# Does Stern want Cuban to have a fair chance?



## Jizzy (Aug 24, 2005)

Just curious, the foul anf foul shots descrepency seem to be going M.I.A.O's way. Crazy thought but do you think that Stern may have warranted this because of his hate for Cuban? Correct me if I'm wrong but don't Stern and Cuban have a terrible history? Do you think Stern would really want to see Cuban win the title? Just a thought to nibble on.


----------



## edwardcyh (Dec 13, 2005)

Hate to say it, Mark Cuban is the last owner they want to hand the trophy to...


----------



## Saint Baller (May 3, 2006)

edwardcyh said:


> Hate to say it, Mark Cuban is the last owner they want to hand the trophy to...


 ...


----------



## t1no (Jul 10, 2005)

Saint Baller said:


> ...


It's true Saint Baller, Stern hates Cuban.


----------



## Jizzy (Aug 24, 2005)

Saint Baller said:


> ...



Yes Saint Baller. It's true.


----------



## Saint Baller (May 3, 2006)




----------



## t1no (Jul 10, 2005)

Feels like the whole world is against the Mavericks? Trust me, i know that feeling.


----------



## Jizzy (Aug 24, 2005)

t1no said:


> Feels like the whole world is against the Mavericks? Trust me, i know that feeling.



Yup, especially being a Nets fan when you get constantly put down by the media and sports analysists and no one takes you seriously.


----------



## L (Sep 20, 2005)

Its sad really. Cuban is my favorite owner.


----------



## Saint Baller (May 3, 2006)

FullMetalAlchemist said:


> Its sad really. Cuban is my favorite owner.


 They are going to fine him and Dirk now thats BULL****!


----------



## L (Sep 20, 2005)

Saint Baller said:


> They are going to fine him and Dirk now thats BULL****!


source? link?


----------



## Saint Baller (May 3, 2006)

It's not official yet but here

http://www.basketballboards.net/forum/showthread.php?t=280571


----------



## Roscoe Sheed (Jun 19, 2006)

I hate David Stern. He is the worst thing that ever happened to the NBA


----------



## Saint Baller (May 3, 2006)

It was great when he was where Stu Jackson was, ahh the good old days B)


----------



## Pimped Out (May 4, 2005)

edwardcyh said:


> Hate to say it, Mark Cuban is the last owner they want to hand the trophy to...


maybe if he didnt act like a douchebag on a regular basis.


----------



## The Future7 (Feb 24, 2005)

Saint Baller said:


> It was great when he was where Stu Jackson was, ahh the good old days B)


Damn we're screwed, that leaves the possibility of Jackson taking over when Stern is done.


----------



## L (Sep 20, 2005)

Roscoe Sheed said:


> I hate David Stern.
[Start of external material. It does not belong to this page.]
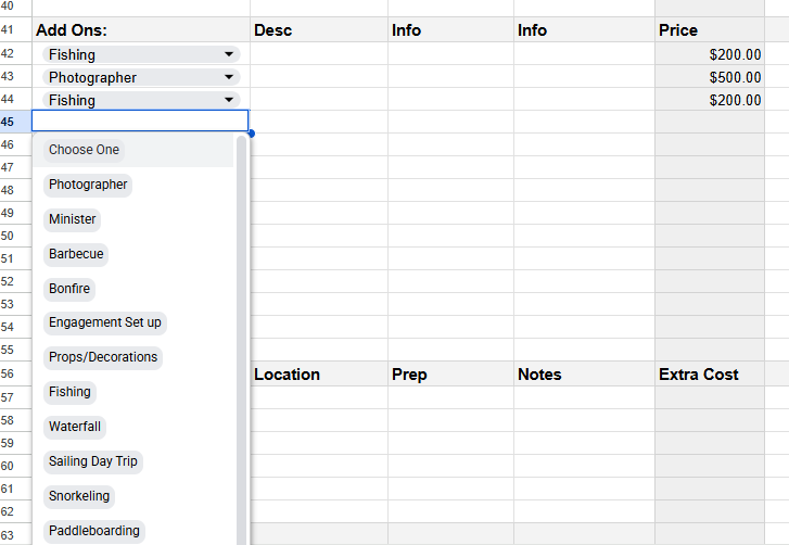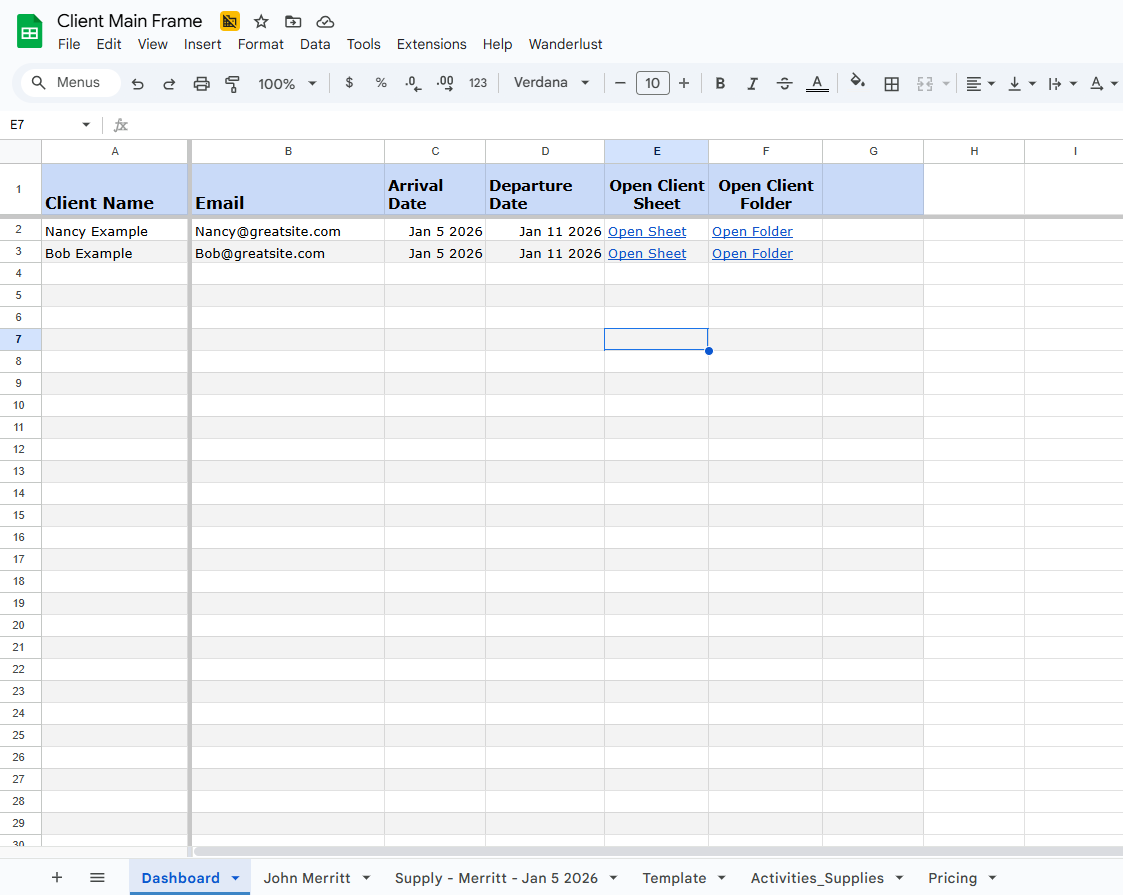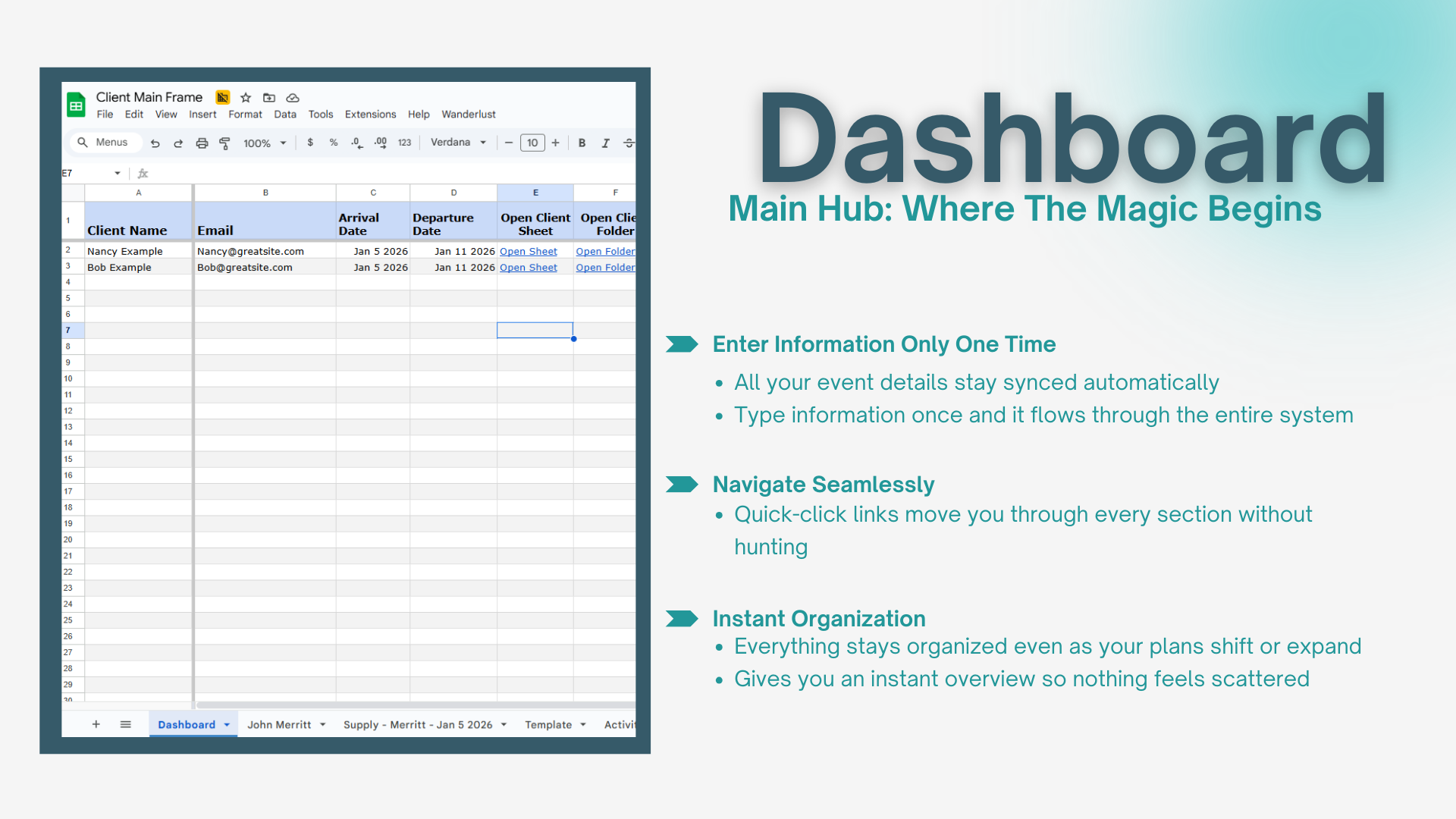 Your dashboard stays updated as you work, displaying active clients, dates, and links to each client’s sheet and folder. Supplies, activities, and add-ons update from your selections automatically.

He is the worst thing that ever happened to the NBA


David Stern: lets make the game of basketball soft and sophisticated!


----------



## edwardcyh (Dec 13, 2005)

I Start Fires said:


> maybe if he didnt act like a douchebag on a regular basis.


The difference between Mark Cuban and the other NBA owners is that Mark Cuban is a fan. He's probably the biggest Mavericks fan. As a fan, you will be loud, outspoken, and misunderstood.
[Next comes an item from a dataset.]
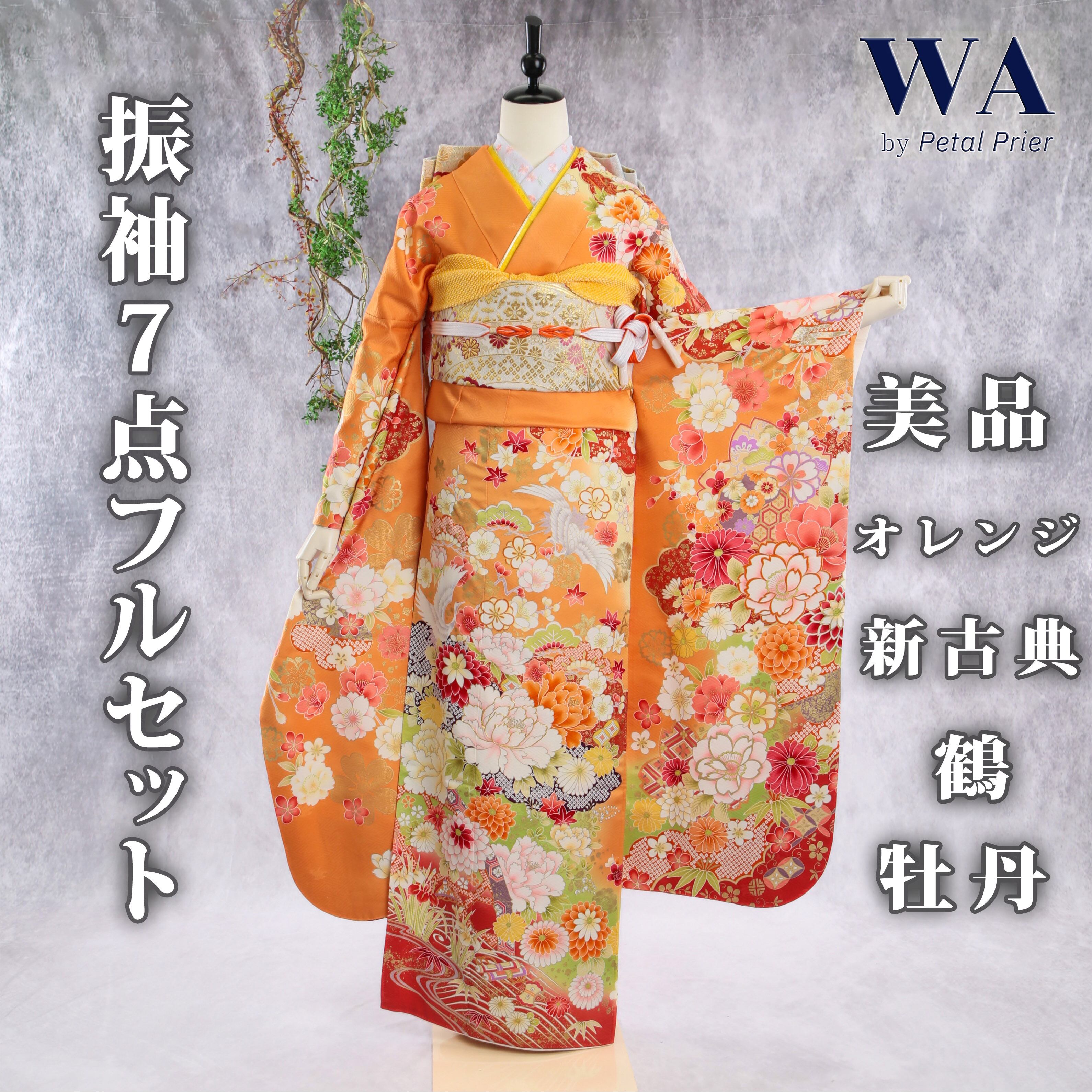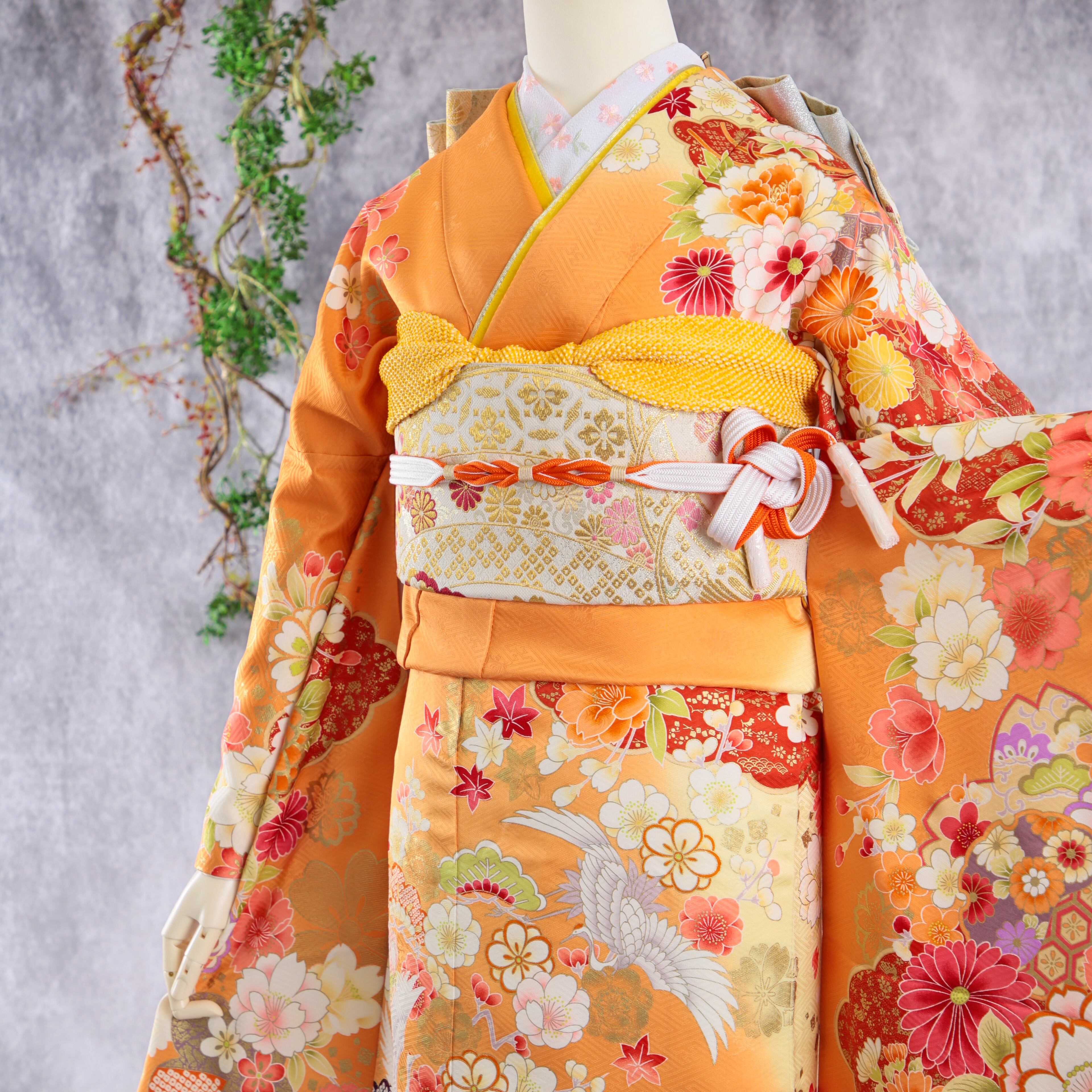 鮮やかなオレンジ地に鶴や牡丹が印象的な新古典振袖です。

To Dallas fans, he's great. To the rest of the NBA, he is a "douchebag."


----------



## Saint Baller (May 3, 2006)

Sterns Idea of stealing the ball

Player 1: Can I have the ball?
Player 2: Say Please...
Player 1: May I please have the ball?
Player 2: You certainly may!


----------



## Saint Baller (May 3, 2006)

edwardcyh said:


> The difference between Mark Cuban and the other NBA owners is that Mark Cuban is a fan. He's probably the biggest Mavericks fan. As a fan, you will be loud, outspoken, and misunderstood.
> 
> To Dallas fans, he's great. To the rest of the NBA, he is a "douchebag."


 Gotta agree, I have tons of respect for him but everyone hates him.


----------



## The Future7 (Feb 24, 2005)

Whats wrong with Dirk pushing a cycle machine. He didnt hurt it. Did the ball he kicked go into the stands? Thats the only way I see them punishing Dirk. Cuban on the other hand get punished for everything. He will probably get fined just for Staring down Stern. Stern probably felt threatened.


----------



## Saint Baller (May 3, 2006)

The Future7 said:


> Damn we're screwed, that leaves the possibility of Jackson taking over when Stern is done.


 Yeah but I think Stu is better than Stern.


----------



## Saint Baller (May 3, 2006)

The Future7 said:


> Whats wrong with Dirk pushing a cycle machine. He didnt hurt it. Did the ball he kicked go into the stands? Thats the only way I see them punishing Dirk. Cuban on the other hand get punished for everything. He will probably get fined just for Staring down Stern. Stern probably felt threatened.


 :worried:


----------



## Pimped Out (May 4, 2005)

edwardcyh said:


> The difference between Mark Cuban and the other NBA owners is that Mark Cuban is a fan. He's probably the biggest Mavericks fan. As a fan, you will be loud, outspoken, and misunderstood.
> 
> To Dallas fans, he's great. To the rest of the NBA, he is a "douchebag."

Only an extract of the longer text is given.